Из грязи в князи
Шрифт:
Иногда посреди детского побоища Галерий вдруг замирал, как будто кожей ощущая мягкий одобрительно-покровительственный и проникновенный взгляд свыше. Эти моменты особо любили его неприятели, они тут же сваливали соперника наземь и со всей пацанской мочи пинали лежачего куда ни попадя, даже в пах. В эти же мгновения рецепторы его тела и фибры души снова и снова ощущали и чуяли присутствие рядом некой фешенебельной, но доброй, свойской, невысокомерной Божественной дамы. Она лишь уголками губ улыбалась улыбкой Джоконды времён грядущего Возрождения.
«Кто ты? Может, гостья из будущего?» – пугался Галерий собственных озарений и креатива.
– Это Юнона-Гера, сестра и жена великого Юпитера-Зевса! Они парой восседают на троне горы Олимп и правят миром, – объясняла ему мать по имени Р'oмула вечером, когда он, побитый,
Часто проснувшись среди ночи, Галерий убегал к озеру или роднику послушать шелест воды и свирель Фавна, поглядывая при этом на луну в попытке отыскать в небесах абрис божественной Юноны: «Она как мама, она видит, слышит, понимает и любит меня, другой такой Богини нет!» И вместе с растворившимся сном чувствовал в себе пробуждающуюся жажду посидеть на троне владык-олимпийцев, хотя бы земных: отроческие и подростковые грёзы, образы грядущего в пограничье между сном и явью.
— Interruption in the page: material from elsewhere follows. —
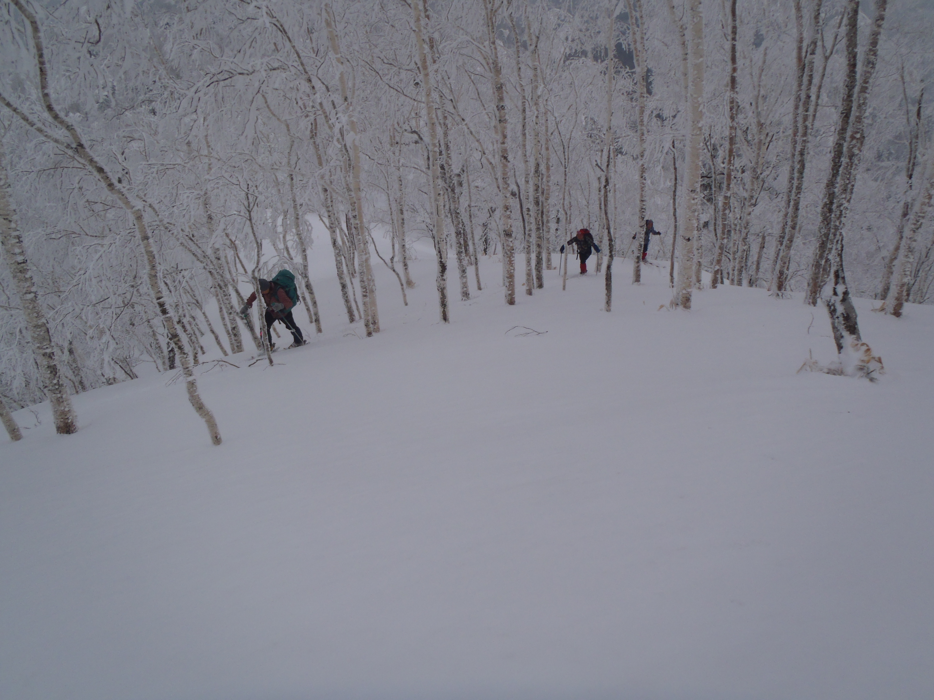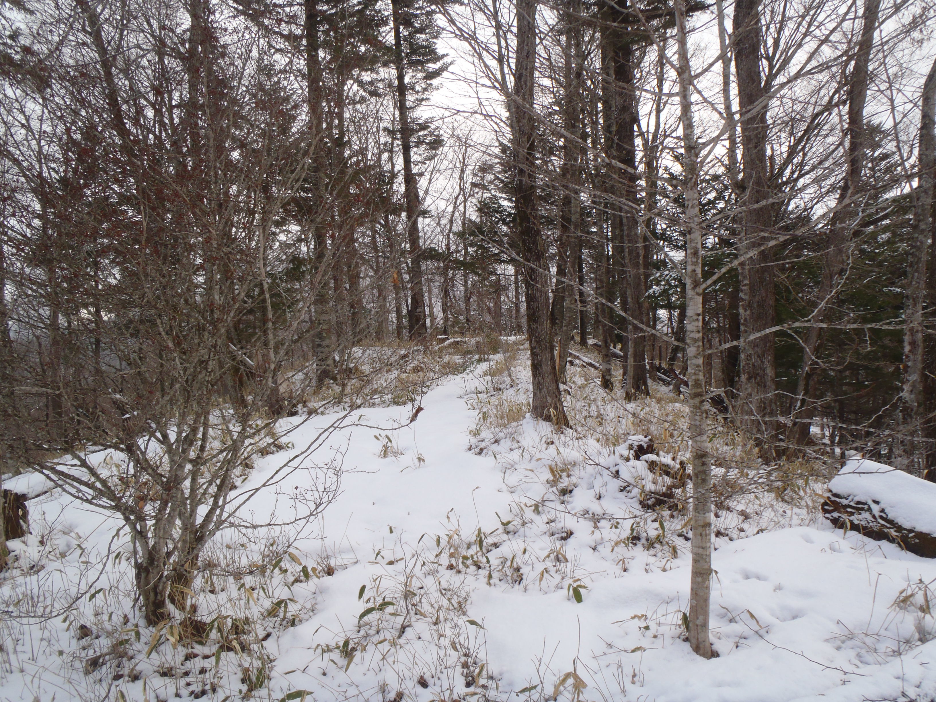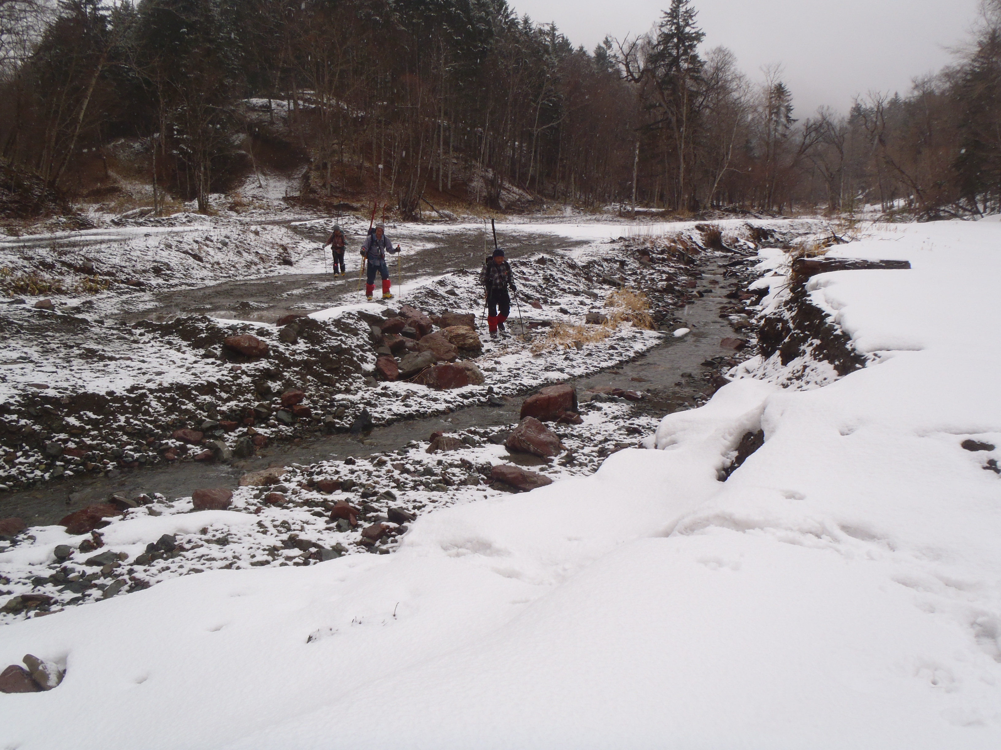 豊糠からパンケイワナイ川の登山口 標高が250m 雪がなくシートラで歩きます。
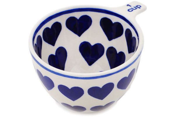This Polish Pottery Measuring Cup is handmade and handpainted by the Manufaktura factory in Boleslawiec, Poland. Manufacturer item number H8279Q. It is 2½" high and measures 4¾" by 3¾". The capacity of this Measuring Cup is 8.39 oz (brimful) and it weighs 0.4 lbs. It is part of the Surrounded By Love Collection.

– Выпей этого волшебного напитка, – шептал Фавн, протягивая ему наполненный до краёв кубок из золота, инкрустированный драгоценными каменьями: алмазами, изумрудами и рубинами. – Только не подумай, что это земной энергетический напиток по рецептам химиков-алхимиков. Это нектар. Никто из смертных не ведает, из чего он приготовлен. И тебе я тоже не открою состава, пусть будет пока тайной, как имя моей камышовой нимфы-свирели. Мы, Боги, пьём нектар в чертогах скалистого Олимпа. Да и в других местах тоже пьём, чего уж там лукавить. Но мы не пьяницы и не алкоголики, не смей так думать! Выпей, не стесняйся! Хотя бы пару глотков. Не погнушайся, если не в смущении дело. После этого я снова поиграю тебе на моей камышовой свирели, и ночь приобретёт новые радужные краски, которых ты прежде не видывал. Ты сможешь увидеть даже пятьдесят оттенков серого. Ирида тебе в помощь! Вкуси божественного нектара и моей волшебной музыки, они сольются в тебе едино и неделимо. Ты же истинный римлянин, ромей, иллириец, ариец!
Галерий, как будто ничего не слышал, бестолковый, но с собой у него всегда наготове был припасён сокрытый от взоров строгой родительницы бутылёк с вином, наполовину разведенным с родниковой водой. Он видел сто оттенков пурпура и багрянца в один и два шоколадных слоя, серость буден его не прельщала, и даже радуга Ириды казалась теперь блёклой и скучной.
– Как ты можешь наслаждаться этой кислой и отвратительной гадостью, творением смертных рук человеческих, когда я предлагаю тебе небесный нектар Богов? – то ли незлобиво удивлялся, то ли обижался Фавн. – Так ты никогда не увидишь и не прочувствуешь многоцветья Вселенной, которое вижу и чувствую я. Не будь столь материалистичен, вкуси метафизики! Эх, не избежать тебе участи рогуля-солдафона! Не догнать тебе бешеной тройки, запряжённой в карету-колесницу, хоть мы с тобой и братья по отцу!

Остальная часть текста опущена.